What you should do =>
Nothing outside the lines below from the one containing "今回、ワークショップの中で作" through the one containing "手のひらでだいたいひとまとま" is to be printed; print those exactly, ends included, and drop the pictures.

Source records =>

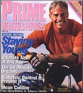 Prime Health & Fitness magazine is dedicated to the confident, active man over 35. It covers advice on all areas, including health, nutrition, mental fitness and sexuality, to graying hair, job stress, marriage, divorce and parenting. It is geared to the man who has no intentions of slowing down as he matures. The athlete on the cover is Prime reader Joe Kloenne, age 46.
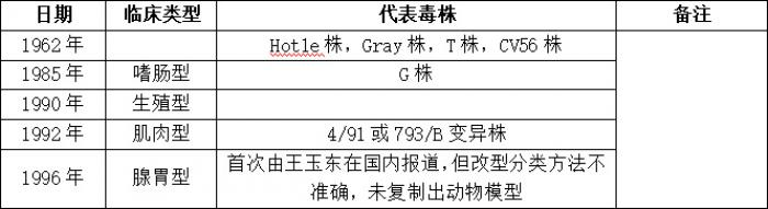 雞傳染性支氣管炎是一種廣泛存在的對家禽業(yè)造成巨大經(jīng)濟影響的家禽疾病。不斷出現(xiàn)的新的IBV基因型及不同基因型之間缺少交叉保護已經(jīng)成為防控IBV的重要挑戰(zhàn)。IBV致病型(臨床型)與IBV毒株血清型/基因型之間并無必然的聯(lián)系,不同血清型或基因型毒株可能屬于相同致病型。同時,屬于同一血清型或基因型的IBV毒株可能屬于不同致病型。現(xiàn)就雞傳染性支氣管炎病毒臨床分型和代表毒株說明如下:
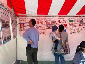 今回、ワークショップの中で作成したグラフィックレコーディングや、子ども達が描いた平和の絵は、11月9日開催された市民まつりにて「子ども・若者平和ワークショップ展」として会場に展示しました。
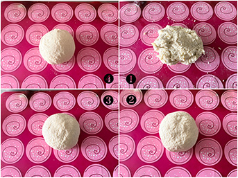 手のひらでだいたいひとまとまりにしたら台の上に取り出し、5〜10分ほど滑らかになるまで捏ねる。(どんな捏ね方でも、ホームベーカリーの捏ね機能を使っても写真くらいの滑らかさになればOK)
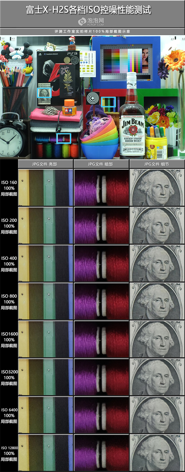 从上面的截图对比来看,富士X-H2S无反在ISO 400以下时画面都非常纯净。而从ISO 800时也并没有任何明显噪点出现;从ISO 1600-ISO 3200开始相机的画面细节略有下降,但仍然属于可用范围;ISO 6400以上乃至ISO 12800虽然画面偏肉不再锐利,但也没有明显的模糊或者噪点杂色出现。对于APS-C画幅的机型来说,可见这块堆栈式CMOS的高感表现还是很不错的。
* * *
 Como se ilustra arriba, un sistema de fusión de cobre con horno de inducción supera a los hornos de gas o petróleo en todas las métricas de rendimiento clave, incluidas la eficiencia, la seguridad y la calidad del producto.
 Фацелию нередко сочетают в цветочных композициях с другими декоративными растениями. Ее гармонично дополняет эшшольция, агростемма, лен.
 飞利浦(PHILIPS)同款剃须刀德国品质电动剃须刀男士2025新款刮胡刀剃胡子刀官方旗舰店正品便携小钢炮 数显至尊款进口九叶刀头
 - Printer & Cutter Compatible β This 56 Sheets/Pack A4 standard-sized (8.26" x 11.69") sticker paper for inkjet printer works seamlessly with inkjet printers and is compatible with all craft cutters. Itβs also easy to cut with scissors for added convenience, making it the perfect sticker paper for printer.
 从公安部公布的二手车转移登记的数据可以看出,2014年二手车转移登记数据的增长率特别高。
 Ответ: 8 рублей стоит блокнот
* * *
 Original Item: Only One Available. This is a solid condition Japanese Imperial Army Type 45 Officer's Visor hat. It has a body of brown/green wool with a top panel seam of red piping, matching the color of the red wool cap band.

Written answer =>
 今回、ワークショップの中で作成したグラフィックレコーディングや、子ども達が描いた平和の絵は、11月9日開催された市民まつりにて「子ども・若者平和ワークショップ展」として会場に展示しました。
 手のひらでだいたいひとまとまりにしたら台の上に取り出し、5〜10分ほど滑らかになるまで捏ねる。(どんな捏ね方でも、ホームベーカリーの捏ね機能を使っても写真くらいの滑らかさになればOK)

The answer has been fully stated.